Bangladesh under F universal should be changed to universal access, deleting
“sexual and reproductive health” and continuing with “in accordance with ICPD.”
As he said population dynamics includes migrants, as underlined in the G77
statement and he asked for inclusion of migrants and mobility in this focus area.
Costa Rica said that F should say comprehensive sexual and reproductive health
for all, including education programmes and modern methods of family planning.
Education in this regard is absent and they think it is very important to have the
relevant education offered. This they had already referred to the previous day
under pregnancy in early adolescence.
Pakistan did not refer to sexual and reproductive health and rights
Saudi Arabia made a statement about the sensitivity of the issues, also sensitive
with other countries, in relation to FAs 3 and 5, especially on reproductive and
sexual rights and different types of families and notion of universal sexuality
education. They have strong reservation on these issues as it is controversial and
has been for decades and they would weaken the adoption of the SDGs as
positions have been expressed in many conferences and meetings.. They are also
not in compliance with the Sharia and religious and moral values and cultural
backgrounds.
In response the Co-Chair asked the delegate which are the targets have they have
a problem with, so that their concerns could be addressed.
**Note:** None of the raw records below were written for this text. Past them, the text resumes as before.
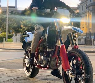 Vendesi per passaggio a cilindrata superiore, moto modello SWM sm125r factory 2019. Sono state sostituiti tutti gli ingranaggi del cambio ,valvole ,tendicinghia e la cinghia, Sono state montate plastiche after market come la piatta e parafango anteriore e il faro led. Sono comprese sia le plastiche originali e sia after market , la batteria a litio, e il porta targa originale é un po' lesionato, causa vibrazioni. Gomma di dietro nuova, quella anteriore 70%.Per qualsiasi altra informazione non esitate a contattarmi.
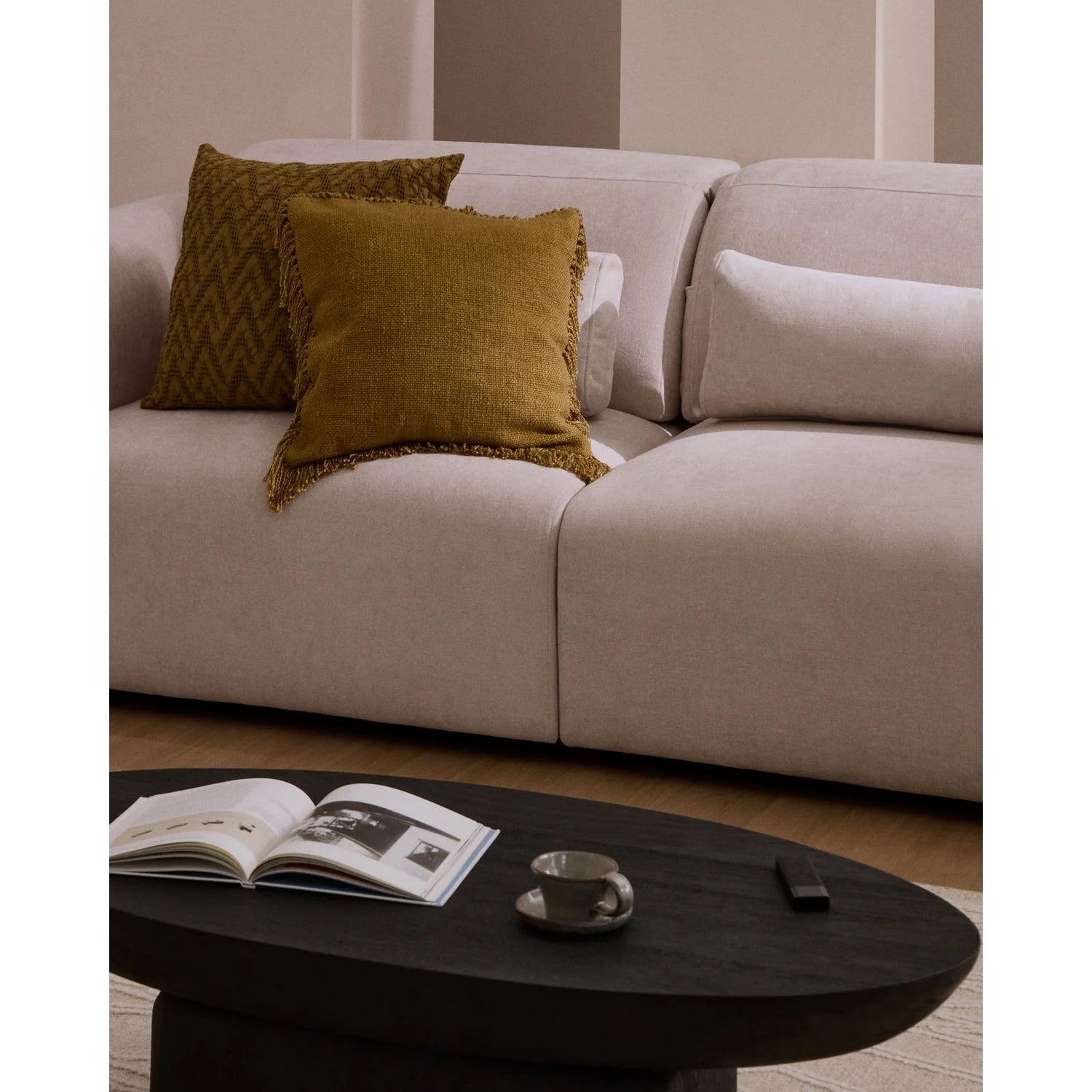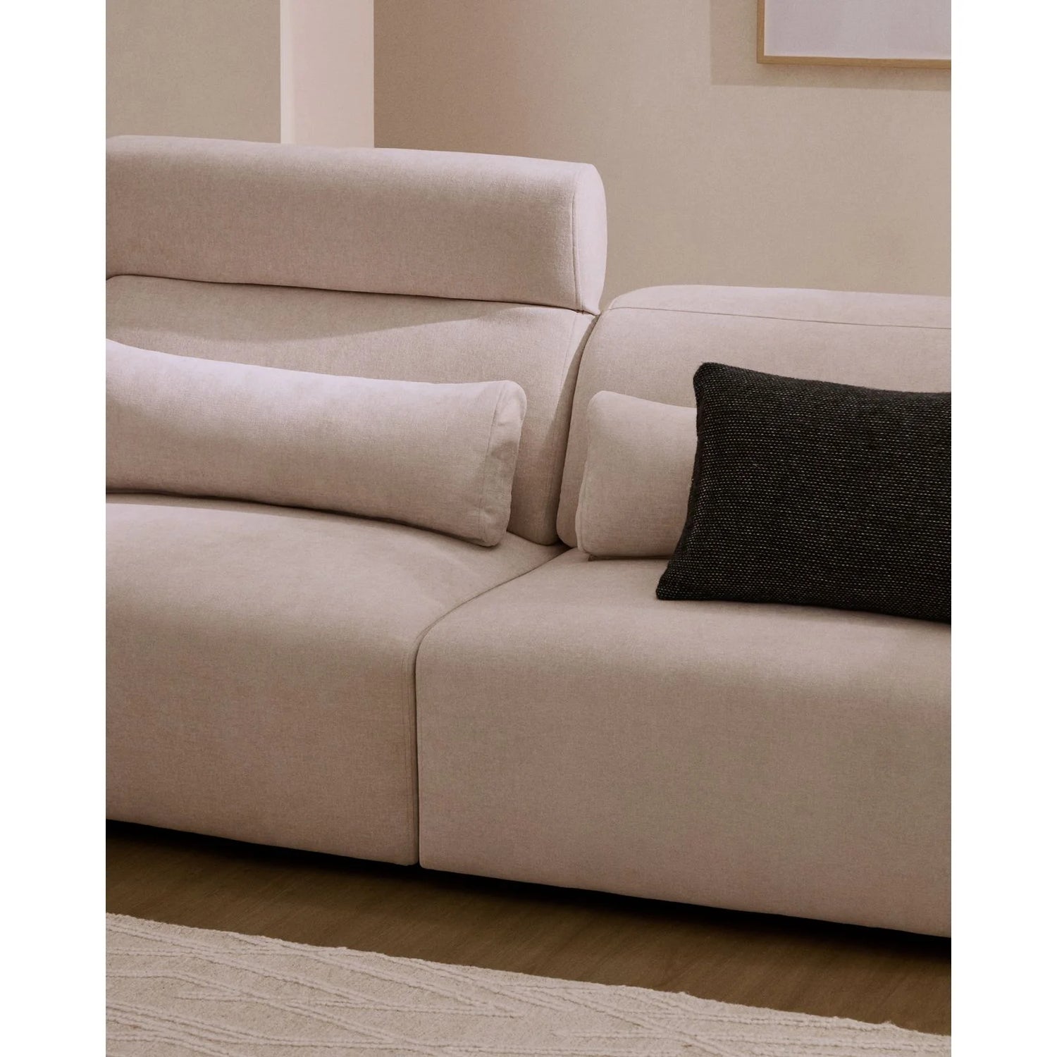 Lares 5-seater sofa with electrically extendable seats and adjustable headrest in beige chenille, 335 cm
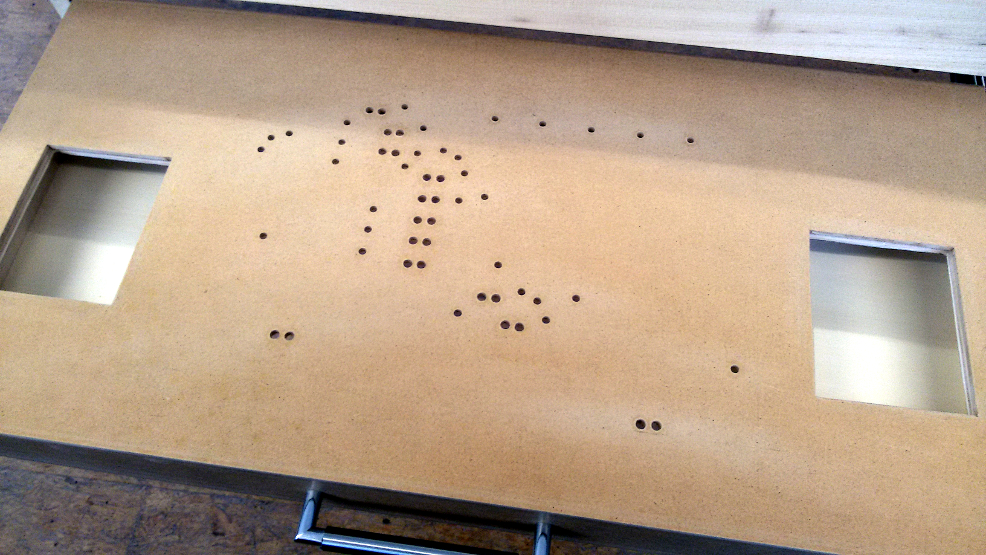 Das Sperrholzgerippe wird mit Kunststoffgewebe überzogen, worauf anschließend die eigentliche Geländehaut aus Modellgips entsteht. Alle Felsen werden ausschließlich aus Modellgips modelliert und mit Dispersionsfarbe, wie das übrige Gelände auch, nachbehandelt. Brücken, Tunnelportale, Mauern und spezielle Gebäude bestehen Teilweise aus Sperrholz und werden mit Polystyrol-Platten verkleidet bzw. aus Gips gegossen.

Cuba did not refer to sexual and reproductive health and rights.
Korea did not refer to sexual and reproductive health and rights.
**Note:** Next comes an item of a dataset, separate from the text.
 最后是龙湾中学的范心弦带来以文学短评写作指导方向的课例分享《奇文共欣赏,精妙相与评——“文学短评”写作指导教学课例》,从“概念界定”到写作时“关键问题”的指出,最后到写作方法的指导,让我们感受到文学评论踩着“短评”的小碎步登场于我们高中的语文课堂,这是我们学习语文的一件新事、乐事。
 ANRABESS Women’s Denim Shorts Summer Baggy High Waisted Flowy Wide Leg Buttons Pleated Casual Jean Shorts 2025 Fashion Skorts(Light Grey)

Iran in relation to F wished to delete “comprehensive” and add at end “in
accordance with ICPD.”
Romania did not refer to sexual and reproductive health and rights.
El Salvador did not address sexual and reproductive health and rights. With
regard to youth, migrants and older persons, they should be taken into account
in the indicators.
Sweden on F said that we need to ensure universal access to comprehensive
sexual and reproductive health and rights. They wanted to stress the rights
dimension. This should include access to modern methods of family planning
including contraceptives and to information, education and services, especially
for the young, to ensure that they stay healthy.
Nigeria did not refer to sexual and reproductive health and rights. They pointed
out that issues related to Population Dynamics are not mentioned and that they
should be adequately captured in targets.
Poland referring to F said that they like the current wording and want it to be as
it is now. They noted the repetition in FA5 and that they would like to propose to
have only one target in one or the other but not in both.
Egypt said that F should read “ensure universal access to sexual and
reproductive health for all, including modern methods of family planning in
accordance with ICPD.” With regard to education, the reference to
comprehensive sexuality education is not acceptable as it is not agreed language
and they supported refraining from using controversial comments that do not
enjoy agreement at the international level, eg sexual orientation and sexual
rights.
Malaysia did not refer to sexual and reproductive health and rights.
Greece supported target F referring to sexual and reproductive health.
Austria wished to record the importance of sexual and reproductive health and
rights for both FA 3 and 5, including measurements on rights-based policies and
legal reforms including guarantees of non-discrimination, rights to privacy and
confidentiality. F should ensure universal access to quality, affordable, integrated
sexual and reproductive health for all including modern methods of family
planning.
Ethiopia (written statement only) referred to the importance of population
dynamics, as it has important implications for the economy, social and
environment dimensions of sustainable development. As a crosscutting issue, it
should be addressed in health, poverty related goals and mainstreamed in other
appropriate goals. They support the targets, including F.